The race war was the drawing moment
in the early pages- and then it stops. We are never again given a glimpse of
this pivotal moment in this ‘secret history,’ and are instead told that the
Black Liberation movement (BLAC- Black Liberation Army Corps) led by ‘Brother
Soul’ in this near-future instance (set in 1983-6) were defeated and a
successful genocide waged on African-Americans, the horrific beginnings of which
we witness as BLAC and the USG clash in Gary, Indiana. African-Americans become
canonized as a ‘shadow people’ who cause the end of the ‘forefather’s’ world-
but the reader has been told the truth of nuclear strikes in the ex-reporter’s
journal. The remnants of the USG become the villainous slavers, the ‘horsemen,’

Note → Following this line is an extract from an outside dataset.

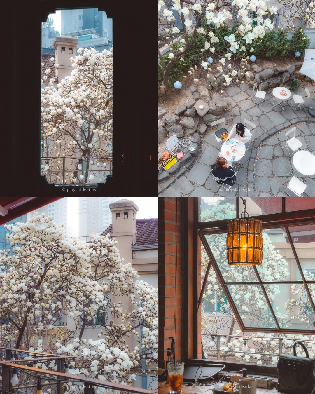 The second-floor terrace is the magical photo spot that every visitor aims for. Imagine soaking up the warm morning sunlight with a good cup of joe in your hand and a huge, blooming magnolia cloud right before your eyes. The viral photos you’ve likely seen online of cafe-goers relaxing in patio furniture underneath these floral canopies? They were taken right here.

becoming more and more stylized as a sort of future confederate army.
MaCauley then settles in to the far future, telling a story of only whites, with simply too many shadows of story cast before being lost; we are told about different factions, individuals and their choices, even fictional cultural nuances, but not necessarily where it all goes or what it all means. Perhaps this is a disservice to the bulk of the story which is fundamentally the story of Kincaid, the wanderer as he follows his Esso road map and intuition to explore an area made vaster and vaster by it’s unknowns. A fairly likeable story of individuals striving for knowledge and freedom, but I can’t help but be hung-up on the dead end treatment the civil war was given. Perhaps as he wrote in a melting pot moment, with debates on race within the context of Vietnam, South Africa still in apartheid and riots such as the Los Angeles riots on the horizon, MaCauley didn’t realize that the contemporary teetering edge of society he was portraying was the more interesting part of the story.
A Secret History of Time to Come: A Chilling Vision of the Far Future by Robie Macauley (London, Corgi Books) 1983.